С Лаготом Ольсен такими мыслями совершенно точно не собирался делиться. Зато поделился другой, угаданной им сами по переглядкам Арахны и Мальта, по их резкому равнодушию к пропагандистам.
-Знаешь, мне кажется, наше время проходит.
-О чем ты? – Лагот не ожидал такого резкого и странного перехода. – Мы молоды, мы…
-Мы им не нужны. Народ успокоен. Послы прибыли и подписали. Дальше мы им не нужны. Бунта не будет, а север они помнут. Так зачем им содержать таких как я, таких как ты?
Лагот застря головою, никак не умея понять, что именно пытается сказать ему Ольсен:
-Они наняли нас!
-Ну и? – Ольсен хмыкнул. – Когда мы им были нужны! Но теперь…

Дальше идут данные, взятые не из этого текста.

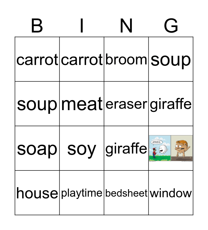 This bingo card has 1 images and 31 words: soy, meat, soap, window, eraser, soup, bedsheet, carrot, Spain, giraffe, broom, shorts, house, playtime, book, eraser, giraffe, book, Spain, shorts, playtime, bedsheet, window, house, soup, soap, meat, carrot, broom, coin and soy.
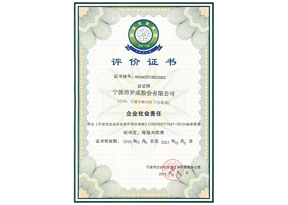 社會責任優(yōu)秀評價證書
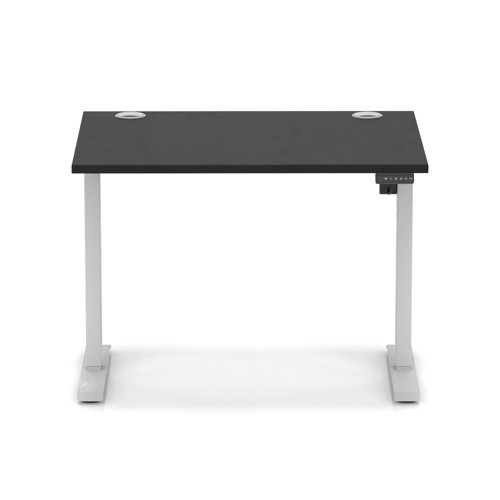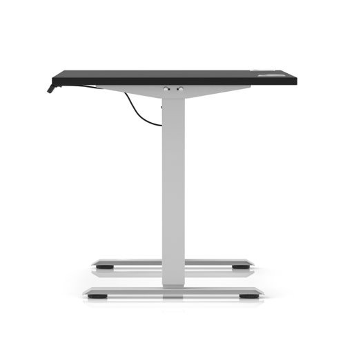 Air Lite 1000 x 800mm Height Adjustable Office Desk Black Top Cable Ports Silver Leg
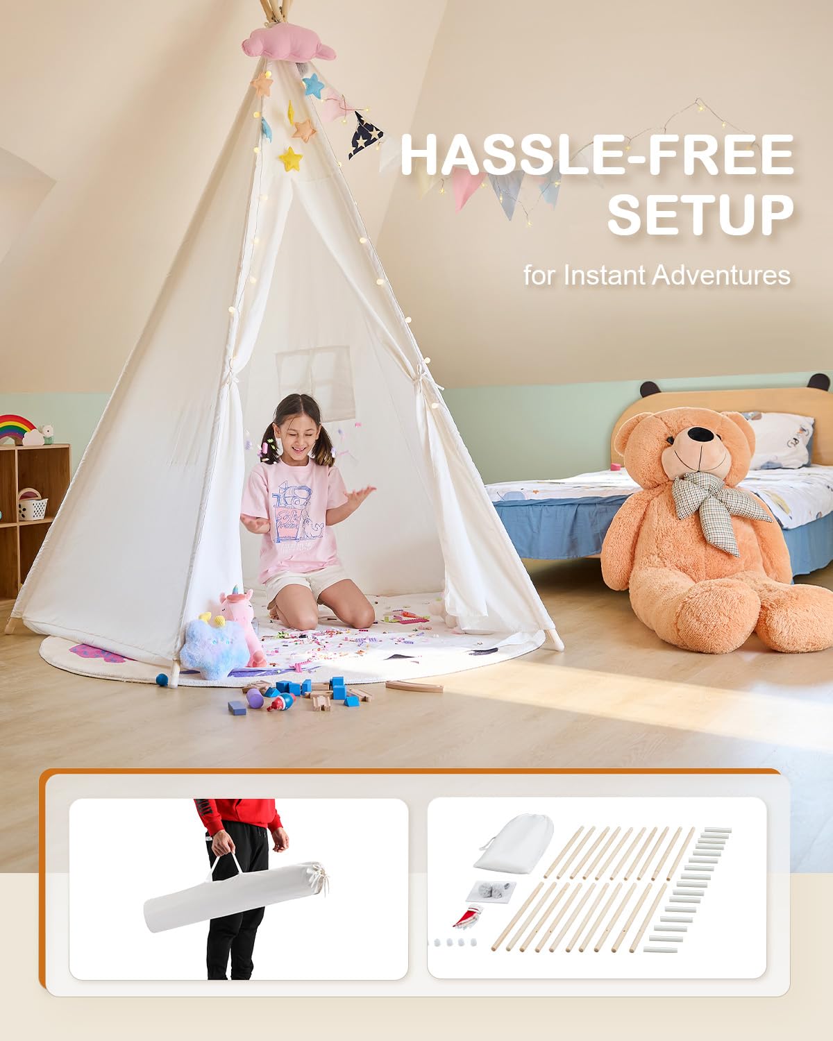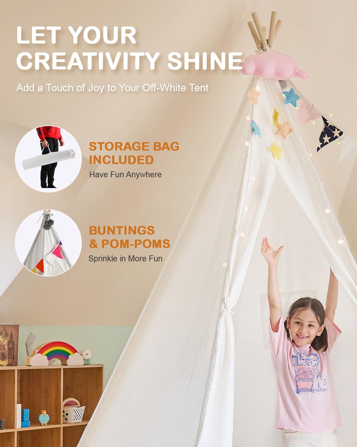 - Unleash Your Kids Imagination ----- White surface allows your kids to paint whatever they like on the teepee, turning this play tent into a magical and lovable castle with their imagination and creativity; complimentary burgees and fur balls add more fun to this item.
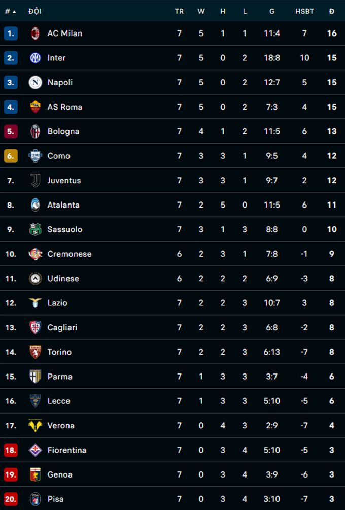 Khoảng cách giữa họ và CLB đứng thứ 4 là Roma chỉ còn 3 điểm. Nếu tiếp tục duy trì phong độ như thế này, Como hoàn toàn có thể mơ đến việc cạnh tranh suất dự cúp châu Âu và kết thúc mùa này trong top 4.
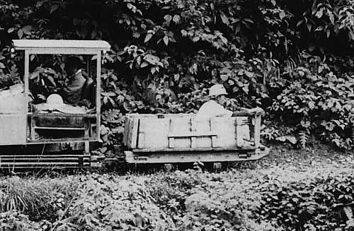 2軸木製台車(II) (?〜2002頃?) 木製台車(I)同様、昔ながらの“トロッコ”。近年でも主に資材の多いときには活躍する姿が見られた。
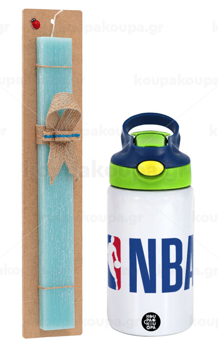 NBA Classic, Πασχαλινή Λαμπάδα με Παιδικό παγούρι θερμό, ανοξείδωτο, με καλαμάκι ασφαλείας, πράσινο/μπλε (350ml) & κερί αρωματικό πλακέ (30cm) (ΤΙΡΚΟΥΑΖ)
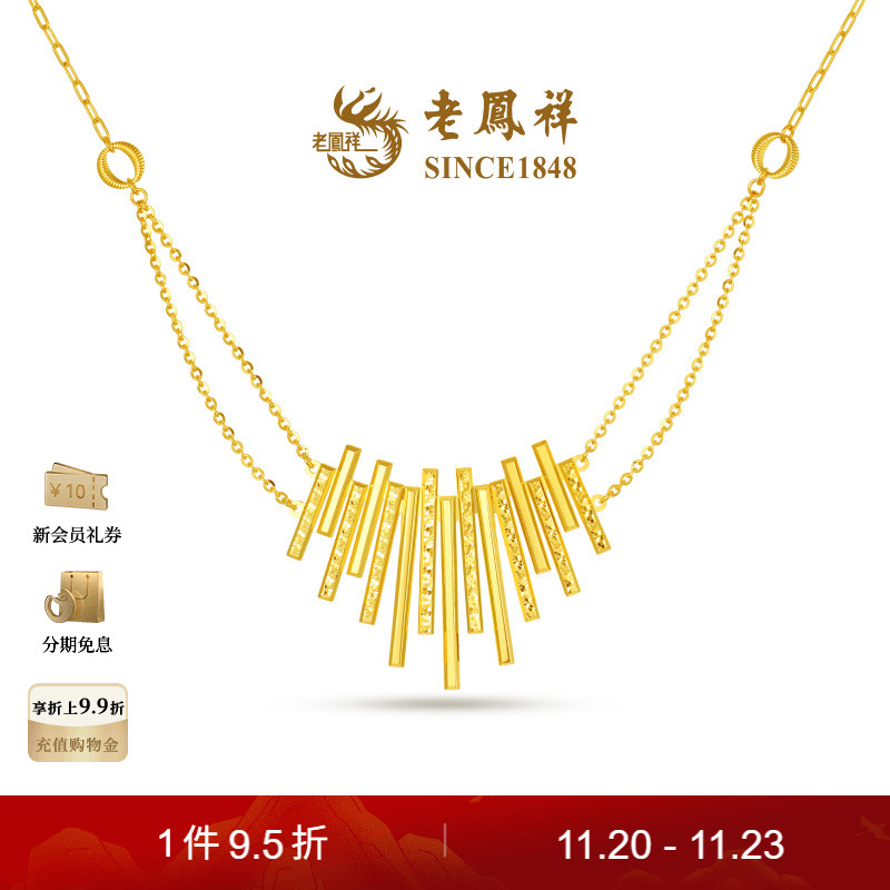 Lao Feng Xiangfan series simple geometric rhythm note gold pure gold necklace female gift crushed ice pricing

-Значит, будем искать работу, - Лагот принял эту весть с облегчением. Ему даже как-то значительно полегчало. Вся эта шумиха, все эти триумфы нравились ему лишь в первые дни, когда он сам не думал, что у него что-то может получиться как у поэта. Но сейчас, когда больше не было смысла в пропаганде, когда все приходило в норму, роспуск стал бы спасением.

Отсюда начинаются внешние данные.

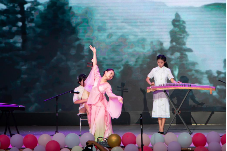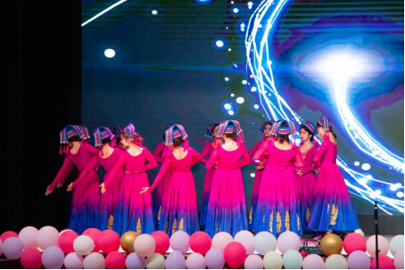 晚会第二篇章“恰·同学少年”中音乐舞蹈《兰亭序》将流行音乐与中国传统古典乐器相结合,婉转的乐声配合优美的传统舞蹈,将多种中华传统文化元素融会贯通,体现了马院兼容并包的思想理念;此外,来自柯尔克孜族的预科生同学带来舞蹈表演《欢乐的库姆孜》,欢快活泼的舞蹈使得现场观众一同欢呼舞动,展现马院各民族同学之间团结友好的氛围。
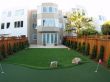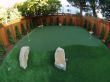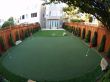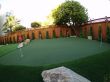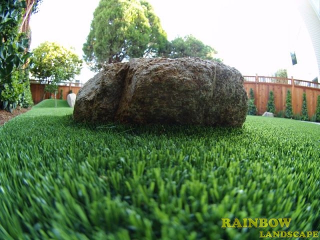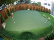 Now it was time for the installation of the 420 sqft of putting green with 4 holes and fringe finish. Each hole of this putting ground has an underground garden light. We installed 440 sqft of artificial grass between the putting green and the stone patio. This artificial grass lawn was intended to be used as a playground area and the client had a trampoline already to be placed on this area. Garden lights were strategically installed to light up the entire backyard at night. To add a more natural touch to the artificial lawn and putting green, 6 boulder stones were placed on different spots. To finish off this landscape project, we planted trees along the perimeter of the redwood fence with an irrigation system to water these trees. And finally mulching the exposed topsoil areas.
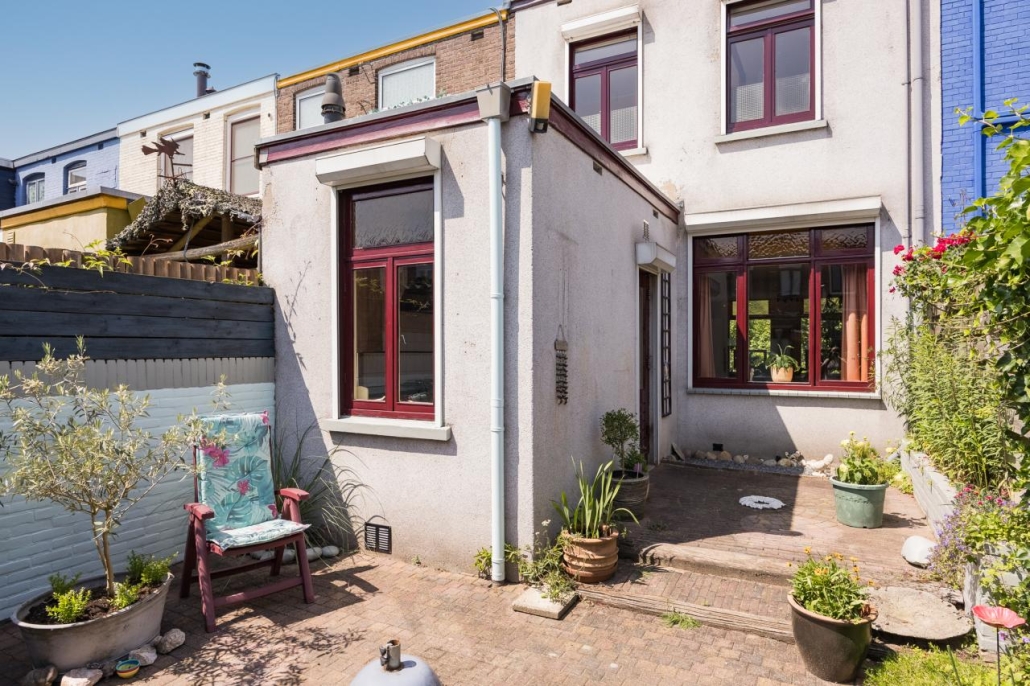 Karakteristieke uitgebouwde tussenwoning met zonnige stadstuin.

Лагот на минуту попробовал представить, чем он займется дальше, и не смог. Столько возможностей, вроде бы, открывает жизнь, но приглядишься – понимаешь: там берут лишь своих, там все погрязло в кровных связях, там нужны деньги, а там нужен талант.
А куда деваться бесталанным и не имеющим родового имени? Тем, кто обходится без покровителя? Куда идти таким людям, кем им быть?

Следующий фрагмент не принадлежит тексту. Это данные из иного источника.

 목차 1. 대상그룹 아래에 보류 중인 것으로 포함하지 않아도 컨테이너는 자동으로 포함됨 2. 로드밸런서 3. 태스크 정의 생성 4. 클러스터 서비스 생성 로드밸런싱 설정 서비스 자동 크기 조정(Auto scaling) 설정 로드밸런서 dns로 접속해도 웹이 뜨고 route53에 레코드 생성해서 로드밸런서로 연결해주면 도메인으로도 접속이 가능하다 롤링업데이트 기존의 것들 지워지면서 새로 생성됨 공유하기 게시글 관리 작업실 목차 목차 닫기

Но Ольсен был мрачен. Он вдруг сказал то, что очень не понравилось Лаготу:
-Будем искать, если они нас отпустят. Мы ведь свидетели их становления. Мы можем заявить народу, как нам платили за то, чтобы мы восхваляли короля. Не запрещено, конечно, но неприятно слышать такое открыто от слуг. Не находишь?
Лагот почувствовал странную рожь в пальцах и решил не отвечать.
-Я шучу, - криво усмехнулся Ольсен, заметив его реакцию. А восславление Мирасу ты сегодня действительно читал без огня! Благо, сегодня пир, и наш король будет милосерден.
Между тем еще на пиру Высший Жрец Луала и советник короля Мираса, да будут дни его долги, Медер, получил записку от его величества с четким указанием:
«Не налегайте на вино, жрец. После празднества вы нужны мне в трезвом уме».
Медер и не налегал на вино, а получив же записку, и вовсе перестал даже притрагиваться к пище, гадая, зачем именно его вызывает король. Вряд ли за благословением! Его величество не появляется на службе чаще, чем этого требует его долг.
Совет? Заговор? При мысли о последнем у Медера дрогнуло что-то внутри. Он всеми силами старался держать религию от политики. Да и переворот принял со смирением, заявив новоставленному королю:
– Дела трона мало интересуют слугу Луала и Девяти рыцарей Его. Религия должна идти рядом с политикой, но не пересекать ее.
Мирас оценил и лишь попросил:
-Послужи своему народу, как трон служит ему, жрец!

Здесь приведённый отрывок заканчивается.